| Task instructions |
Every line below must be copied as written, except for pictures.
(Source material begins)
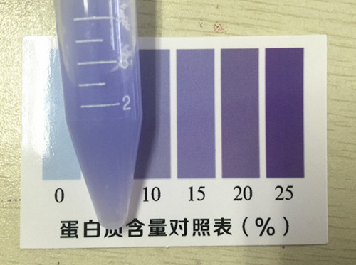 取4 mL顯色液加入比色管中,蓋上蓋,用力將奶粉全部搖溶,顯色3分鐘,在3~5分鐘內(nèi)將比色管襯在白紙上與標準比色卡進行對比,找出與乳粉蛋白質(zhì)標準比色卡上相近的色階,即為每100g乳粉樣品中蛋白質(zhì)的含量。
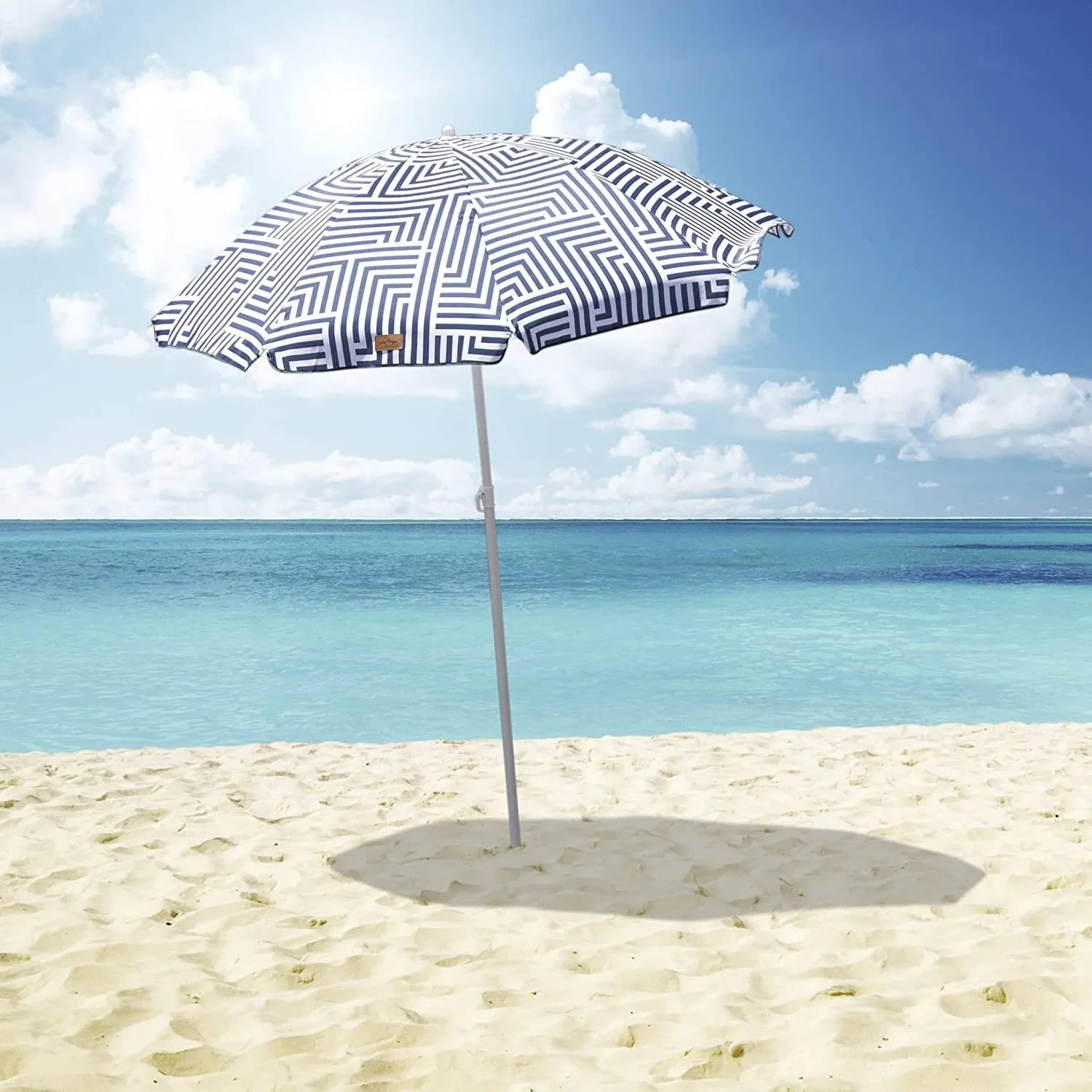 With a fun and colourful navy Makena design this umbrella instantly makes any outdoor activity feel like a party, with its fun and colorful design. Size: 100 cm, 3.2 feet folded beach umbrella with carry bag. ;
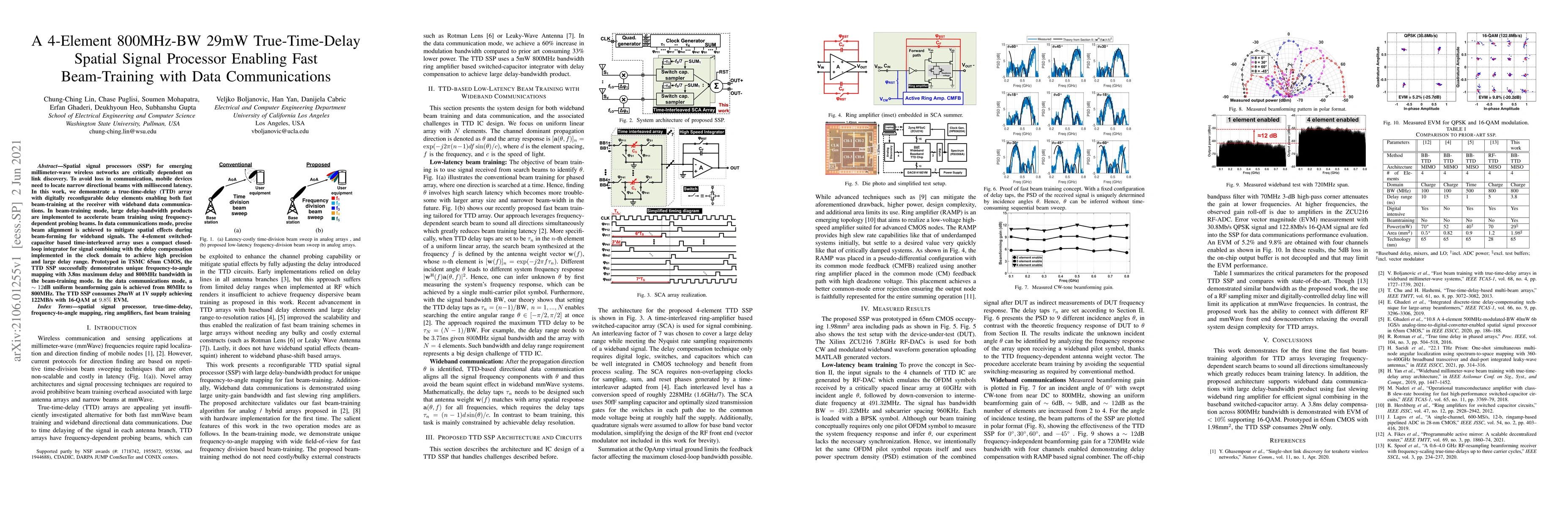 This paper presents a 4-element true-time-delay spatial signal processor for millimeter-wave wireless networks, enabling fast beam-training and wideband data communications. The processor achieves high precision and large delay range, demonstrating 3.8ns delay with 800MHz bandwidth and 12dB gain across 80MHz to 800MHz frequencies.
(Source material ends)
| Problem solution |
 取4 mL顯色液加入比色管中,蓋上蓋,用力將奶粉全部搖溶,顯色3分鐘,在3~5分鐘內(nèi)將比色管襯在白紙上與標準比色卡進行對比,找出與乳粉蛋白質(zhì)標準比色卡上相近的色階,即為每100g乳粉樣品中蛋白質(zhì)的含量。
 With a fun and colourful navy Makena design this umbrella instantly makes any outdoor activity feel like a party, with its fun and colorful design. Size: 100 cm, 3.2 feet folded beach umbrella with carry bag. ;
 This paper presents a 4-element true-time-delay spatial signal processor for millimeter-wave wireless networks, enabling fast beam-training and wideband data communications. The processor achieves high precision and large delay range, demonstrating 3.8ns delay with 800MHz bandwidth and 12dB gain across 80MHz to 800MHz frequencies.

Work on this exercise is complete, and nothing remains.